Athletes will often talk about situations like this and try to downplay it, referring to the two points at stake and how that is more important than anything else. But for this one time, Koivu was big enough to admit it's not quite that simple.
"I'd love to win the game, don't get me wrong, and those two points are very crucial for our team as of right now," Koivu said. "But for me, this weekend and the whole day tomorrow and the whole game, it's a lot more. It's to come back here. It's a weekend I will never forget, and hopefully it will be a great experience."
Koivu's playing legacy in Montreal - his societal one is secured - is difficult to quantify, if only because the Canadiens have such a storied history with their 24 Stanley Cups and 44 Hall of Fame players.
Koivu is 10th in franchise history in points with 641 in 792 career games played for the Canadiens. The fact he is tied with Beliveau for being the longest-serving captain would seemingly be enough to make him one of the greats.
But Koivu was somewhat cursed that his tenure coincided with the darkest period in Canadiens history in terms of championships -- he arrived in 1995, two years after Montreal's last Stanley Cup win, and played through the franchise's longest drought ever.
Because of the history of success in Montreal, that weighs heavily on Koivu's place in that history -- and he knows it.
"The only thing in my mind that I regret is not having more success in the playoffs, not winning the Cup," Koivu said. "I felt what it's like to be here in a playoff series, and to win a series, how excited people get and how passionate they are about it."
That generation is now the team's most rabid fans, people in their twenties who hope to one day taste the success that previous generations practically took for granted.
Many of them have voiced their opinion that Koivu's No. 11 should be retired, and their outrage when Scott Gomez - the player who replaced him - took the number prior to this season.
Even Koivu admitted it was somewhat strange to see his number on someone else's back.
"Now that Scott Gomez is wearing it, it doesn't matter in a way. It's just a number," he said. "But I was watching one of their games early in the season and I didn't know about it, and it looked weird."
As far as his number joining the 17 banners that hang in the Bell Centre rafters - all multiple Stanley Cup champions and Hall of Famers - Koivu doesn't feel it would be appropriate.

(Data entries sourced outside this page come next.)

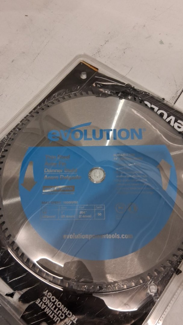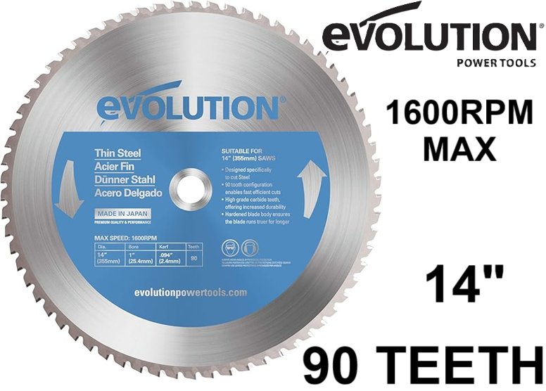 evolution thin blade, high grade carbide teeth, chop saw blade for cutting steel - 14" diameter, 90 teeth 1" bore- silver
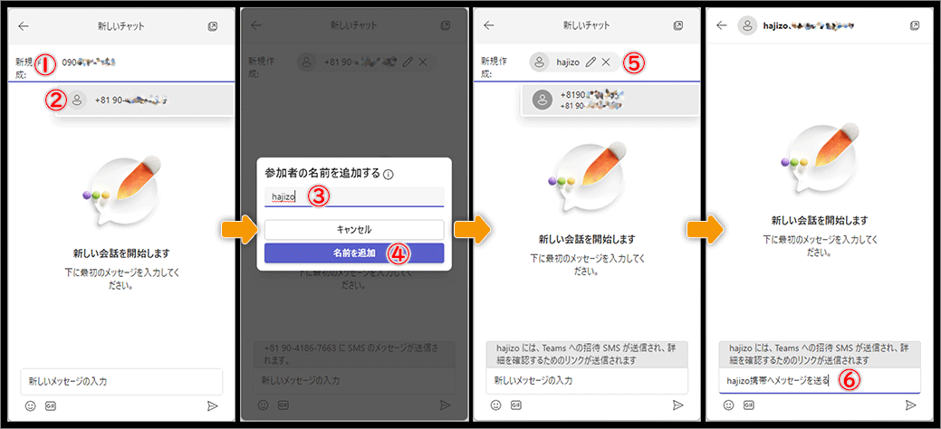 - 初めての連絡先の場合には電話番号かメールアドレスを入力します。今回は電話番号を入れます。
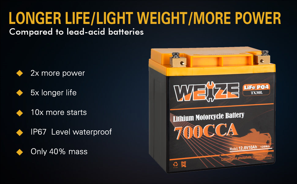 Extended Lifespan: 5x longer life and 20x more cycles than lead-acid batteries, offering long-term cost savings. Lightweight: Weighs only 40% of a comparable lead-acid battery. Powerful Performance: Delivers 500+ amps, 50,000+ starts, and 2,000 charge cycles – 2x more power and 10x more starts than lead-acid. Wide Temperature Range: Operates efficiently in temperatures from -20°C to +60°C. Dynamic BMS for Protection: Features an advanced Battery Management System (BMS) for enhanced protection, performance, and bi-directional cell equalization. IP67 Waterproof: Perfect for motorcycles, ATVs, scooters, UTVs, dirt bikes, snowmobiles, personal watercraft, and lawn mowers, with reliable protection in various environments.
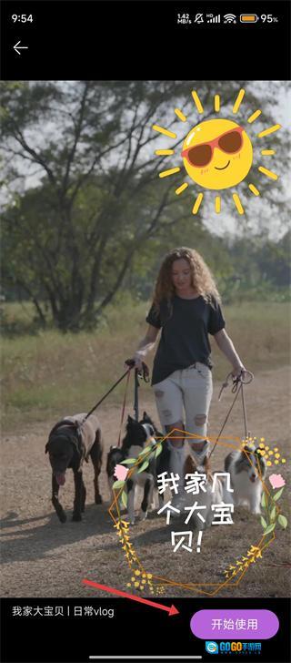 选中心仪的视频模板后,点击【开始使用】按钮,就能进入视频编辑环节,着手制作专属的宠物视频了。
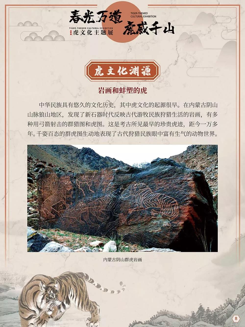 虎是最威猛的兽中之王,古称“山君”或“圣兽”。自“天下第一龙虎”蚌塑图案发掘出土,虎文化在中华大地上已延续了六七千年。然而“龙虎”一直以来的并称,在一定程度上遮蔽了内涵丰富的虎文化,使其长久以来隐没不闻。值此壬寅虎年到来之际,本展览梳理了从虎图腾神话、白虎星宿崇拜、到崇虎习俗、伏虎故事,乃至虎典、虎谚等文化现象,为您揭示虎头鞋、虎头帽以及布老虎等生活中随处可见而又不自知的文化深层寓意。
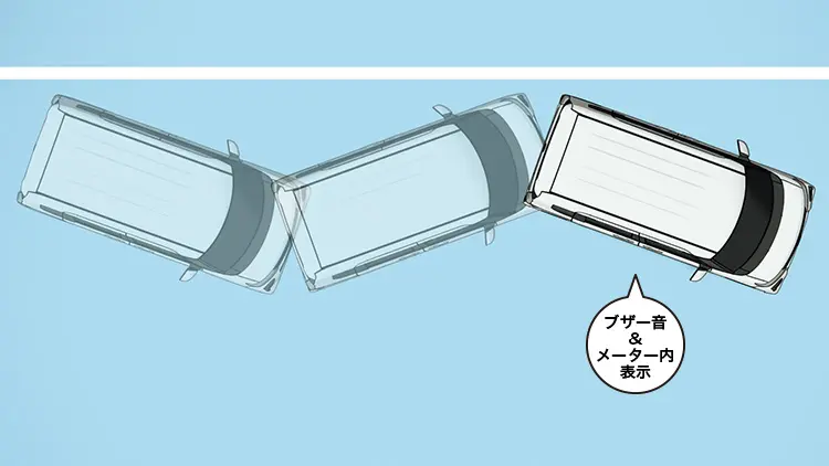 車線からはみ出しそうになると、警報音と表示でお知らせ。さらに、車線内に戻すようにハンドル操作をアシストします。
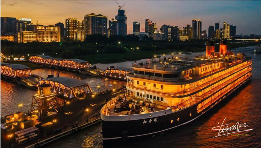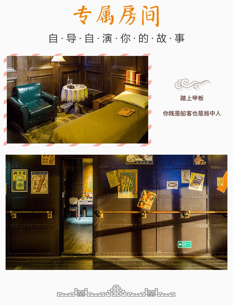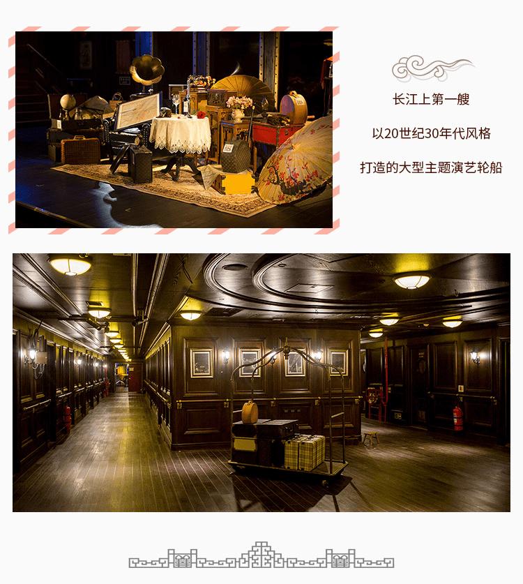 黄包车叮当作响,人们鱼贯走上码头,还未换取一张老船票、登上这艘老轮船,演出就已经开始了。200余米的码头上,穿梭卖报的小童、卖力吆喝的小贩、提皮箱戴礼帽的绅士、匆忙赶路的旗袍淑女,一瞬间好似穿越回百年以前。踏上甲板,你既是船客也是局中人。整艘船都是戏剧上演的舞台,三层各具特色的船体空间,灯火通明的主甲板餐厅,浮沉晃动的近百间客房……不必在观众席上正襟危坐,因为船上的每个角落都是故事发生的地方。你可以踏进客房舱门,选择一件自己喜欢的服饰替换上身,在吧台小酌,在甲板远眺,尽情享受打破一切常规的戏剧演出
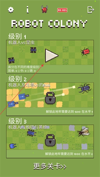 进入机器人殖民地游戏的主页后,初始状态下玩家仅能参与级别1的挑战,后续关卡需逐步解锁。
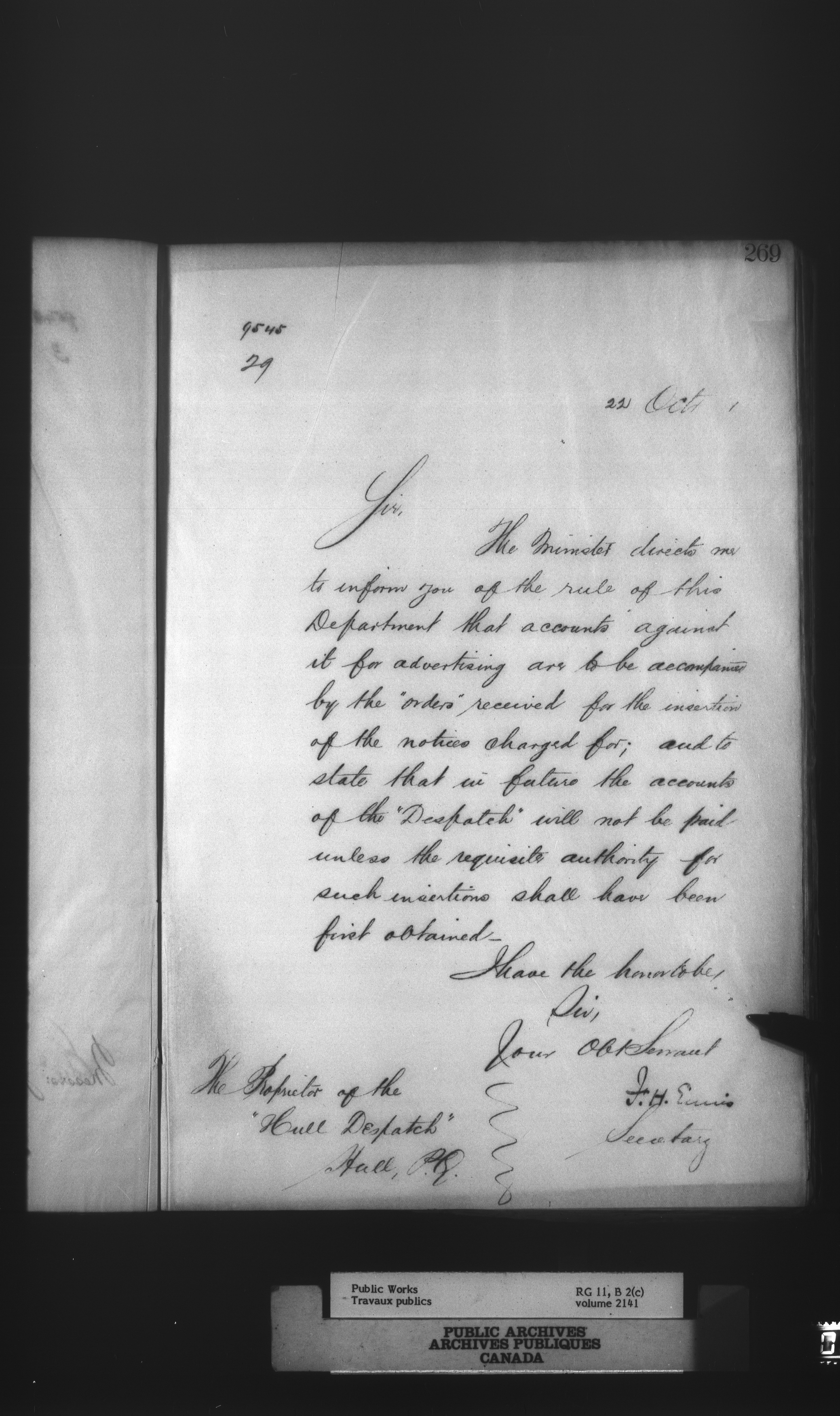 Department of Public Works : Outgoing Numbered Correspondence, 1879-1912 - 912
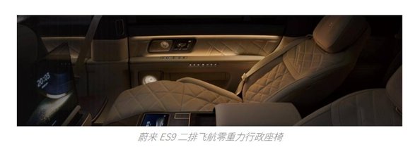 ES9 的飞航行政座椅采用蔚来自研高端座椅平台。二排飞航零重力行政座椅,长达 2.3米的连贯椅面配合覆盖全身 42 点全维深层按摩系统,包括行业首创 20 点机械足底按摩,带来极致身心放松。座舱全球首发阵列式 LC 智能隐私调光车窗,拥有行业最快变色速度,原创的智能行政中岛配合顶级双 16 英寸专属行政屏、高清视频会议系统及专属磁吸茶台,让商务体验高效而得体。
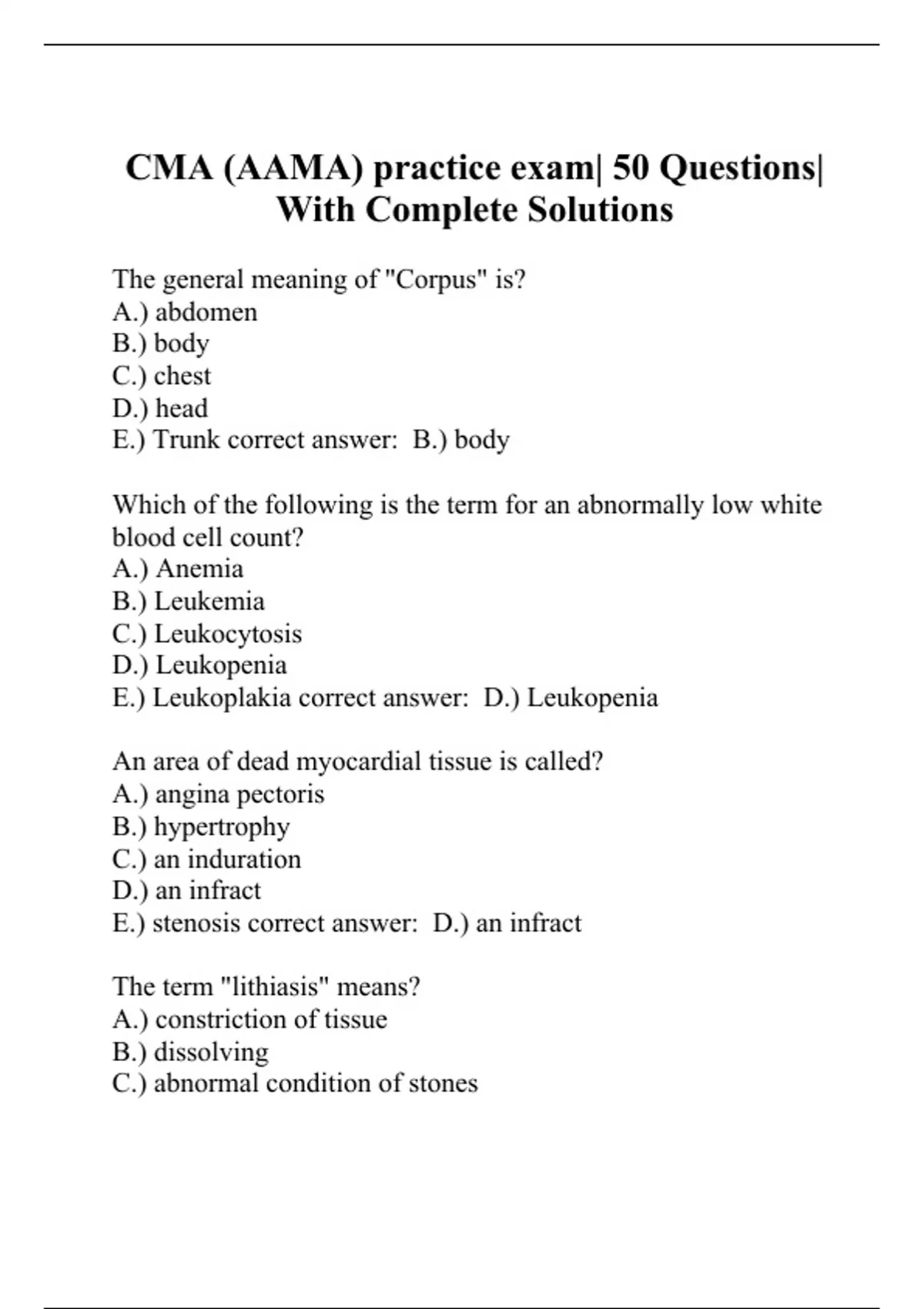 The general meaning of "Corpus" is? A.) abdomen B.) body C.) chest D.) head E.) Trunk correct answer: B.) body Which of the following is the term for an abnormally low white blood cell count? A.) Anemia B.) Leukemia C.) Leukocytosis D.) Leukopenia E.) Leukoplakia correct answer: D.) Leukopenia An area of dead myocardial tissue is called? A.) angina pectoris B.) hypertrophy C.) an induration D.) an infract E.) stenosis correct answer: D.) an infract The term "lithiasis" means? A.) constriction of tissue B.) dissolving C.) abnormal condition of stones D.) penetrating a cavity E.) stretching of tissue correct answer: C.) abnormal condition of stones menarche refers to which of the following? A.) beginning of menstruation
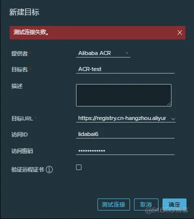 - 点击【连接测试】看Harbor与阿里云镜像仓库ACR是否可以正常连接。
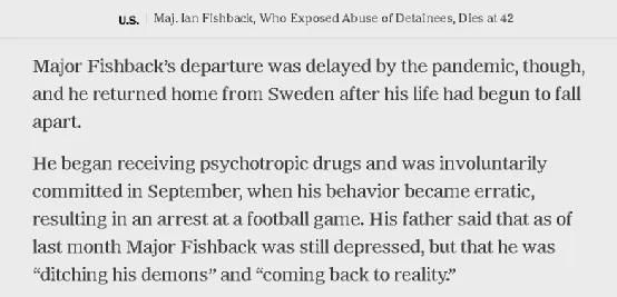 截圖來自《紐約時報》的報道,其中提到費舍拜克的家人稱他得了“精神病”并在“服藥”
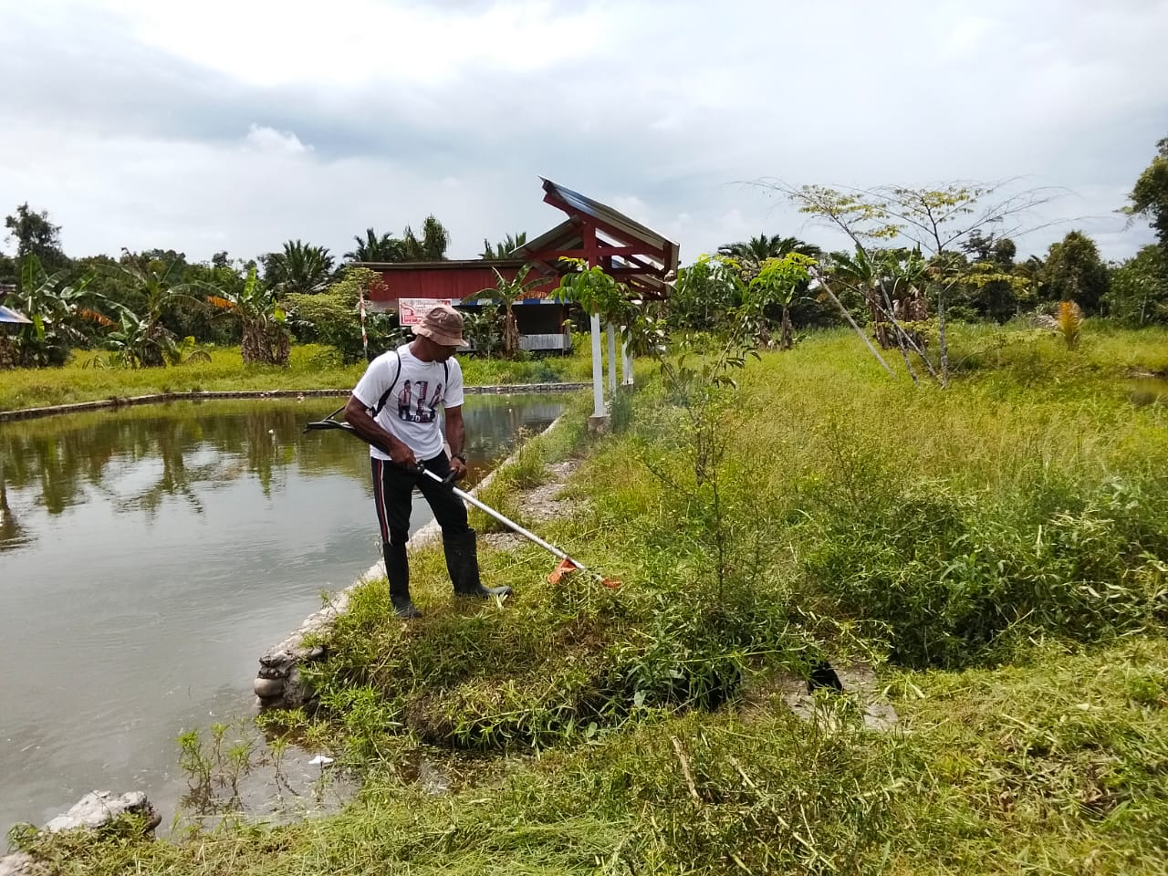 Jelang Lomba Mancing Pengurus BUMDes Lakukan Pembersihan Sekitar Kolam Pemancingan
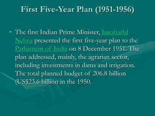 The document outlines India's successive five-year plans from 1951-1956 to 2012-2017. The first plan focused on irrigation, energy and agriculture. It established 5 IITs and the UGC. The second plan emphasized industry and heavy industry, establishing 5 steel mills. Later plans stressed agriculture, poverty alleviation, employment, education, health, women/child development and the environment. Plans also aimed to accelerate GDP growth to fulfill targets like doubling income and reducing poverty, malnutrition, and illiteracy.
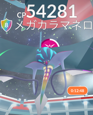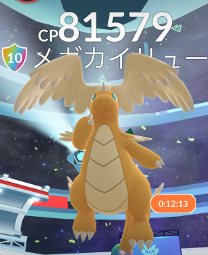日曜の駅前ということで、どこのジムへ行っても、ロビーが 20人満員でレイドバトルがスタートする感じで、大半が TL70以上でメガ進化です。なので、今回から追加された「スーパーメガ進化ポケモン」のレイドも秒殺で倒して、ゲッチャレ1球目でゲットでした。

"I feel that I don't belong there," he said. "It's overwhelming to hear people even consider that. But when you look at the legends on the roof there and what they've done for this team, I can't consider myself to be in the same class."
Still, Koivu does hope that he is remembered in Montreal, even if it's not by way of a number retirement. He knows he will be for his contributions to the Montreal community, for the way the city was shocked by his cancer and uplifted by his courageous battle to beat it, and for the way he gave everything he had whenever he pulled on a Canadiens uniform.
But he wanted to make sure to say that every minute he spent in Montreal was a cherished one.
"It's tough to put yourself in the same group as the legends that have played here and won all the Cups, but I hope people remember me as a captain and as a player and as a person who never gave up. Especially when the future didn't look that good for us in the late 90's and the team wasn't as competitive as it should have been, that we wanted to be here and we wanted to turn things around," Koivu said. "I loved playing for this team."